Path: utzoo!utgpu!jarvis.csri.toronto.edu!mailrus!bbn!jr@bbn.com
From: jr@bbn.com (John Robinson)
Newsgroups: gnu.emacs.bug
Subject: Re: replace-regexp
Message-ID: <38638@bbn.COM>
Date: 13 Apr 89 18:13:12 GMT
References: <8904130343.AA05725@starbase>
Sender: news@bbn.COM
Reply-To: jr@bbn.com (John Robinson)
Distribution: gnu
Organization: BBN Systems and Technologies Corporation, Cambridge MA
Lines: 66
In-reply-to: israel@STARBASE.MITRE.ORG (Bruce Israel)

In article <8904130343.AA05725@starbase>, israel@STARBASE (Bruce Israel) writes:
>
>   From: mailrus!sharkey!itivax!umich!zip!spencer@purdue.edu  (Spencer W. Thomas)
>
>   In some article loic%axis_d@axis.axis.fr writes:
>
>   >   (replace-regexp "^." "" ())
>   >   It empties my buffer !
>   >   It should skip to the next new-line.
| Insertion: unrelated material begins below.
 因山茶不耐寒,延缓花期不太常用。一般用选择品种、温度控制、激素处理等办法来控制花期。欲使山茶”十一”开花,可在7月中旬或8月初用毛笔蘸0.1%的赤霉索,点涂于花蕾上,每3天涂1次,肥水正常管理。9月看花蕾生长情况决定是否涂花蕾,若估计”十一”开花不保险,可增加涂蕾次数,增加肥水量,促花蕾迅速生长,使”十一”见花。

Don't you think so ?
>
>   Well, no.  Emacs is a character-oriented editor, NOT a line-oriented
>   editor.  Would you want it to skip to the next line after each
>   replacement if the strings were (say) "abc" and ""?  
>
>No, it shouldn't skip to the next line, but it SHOULD skip past the
>previously matched string.  i.e. replacing "foo bar" with "foo" should not
>change "foo bar bar " to "foo", it should become "foo bar".  A replacement
>should not be re-run on the results of the replacement.  Effectively, a
>replace-<whatever> should look like it found all non-overlapping occurences
>of the search item first, and then did the change second.  For a similar 
>example, should the null op (replace-string "a" "a") be an infinite loop?
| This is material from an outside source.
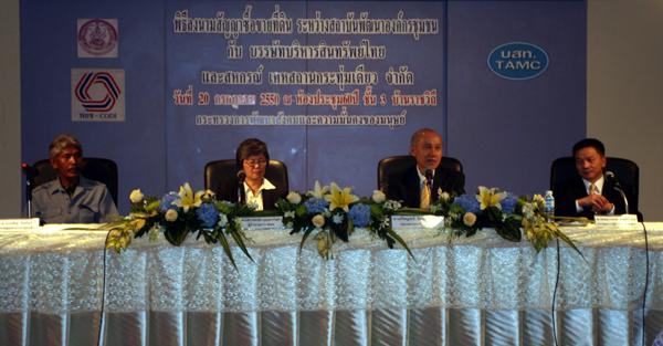 นายสมเจตน์ กล่าวว่า บสท.มีความเข้าใจปัญหาความไม่มั่นคงในที่อยู่อาศัยของคนยากจนในชุมชนแออัด และบสท.มีความห่วงใยและเห็นใจความลำบากของคนจนผู้เดือดร้อน จึงประสานงานกับ พอช. อย่างต่อเนื่อง เพื่อมุ่งมั่นแก้ไขปัญหาการให้ความช่วยเหลือแก่ประชาชน ที่อาศัยในชุมชนแออัด แตกต่างจากการช่วยเหลือลูกหนี้ที่เดือดร้อนจากปัญหาหนี้สิน เพราะเป็นการช่วยเหลือผู้เดือดร้อนที่ยิ่งใหญ่กว่า ให้ความช่วยเหลือโดยตรงต่อผู้มีรายได้น้อยและด้อยโอกาสในสังคม ให้ได้มีบ้าน และโอกาสสร้างความมั่นคงและความเข้มแข็งให้กับชีวิตและสถาบันครอบครัว

But it did skip past the previously matched string.  The problem is in
the semantics of "^" in regexps.  When point is at the beginning of a
line, which side of the "^" is it on?  I think you are arguing that
before the replace starts, the point on the left of it (to pick up the
match on the first line), but after the first replace, point is on the
right of it (to avoid repetition).  I can see the logic for this
semantics.  The character-orientedness isn't really the problem, it is
the precise semantics of the non-character "^".  From info:

`^'     
     is a special character that matches the empty string, but only if at
     the beginning of a line in the text being matched.  Otherwise it fails
     to match anything.  Thus, `^foo' matches a `foo' which occurs
     at the beginning of a line.
     
This would have to change to:

`^'     
     is a special character that matches the empty string, but only if at
     the beginning of a line in the text being matched.  Otherwise it fails
     to match anything.  Thus, `^foo' matches a `foo' which occurs
     at the beginning of a line.  Once a `^' has been matched in a
     repeated search, it will fail to match the beginning of the same
     line.

Or some such.  I find it very hard to express this idea.  Maybe
something more along the lines of "when a search starts, the beginning
of each line is found and the first character on each line, if any, is
marked.  These characters are the only ones that will match in the
position following a `^' in a search pattern until the completion of
the repeated search."

I find the original concept more powerful and elegant.  Once you
change the behavior, getting the original behavior back would be a lot
more tedious as well.  You'd want a way to re-mark the beginnings of
all lines or soemthing.  Or two varieties of `^'...

Enough rambling...
--
     

/jr
jr@bbn.com or bbn!jr
C'mon big money!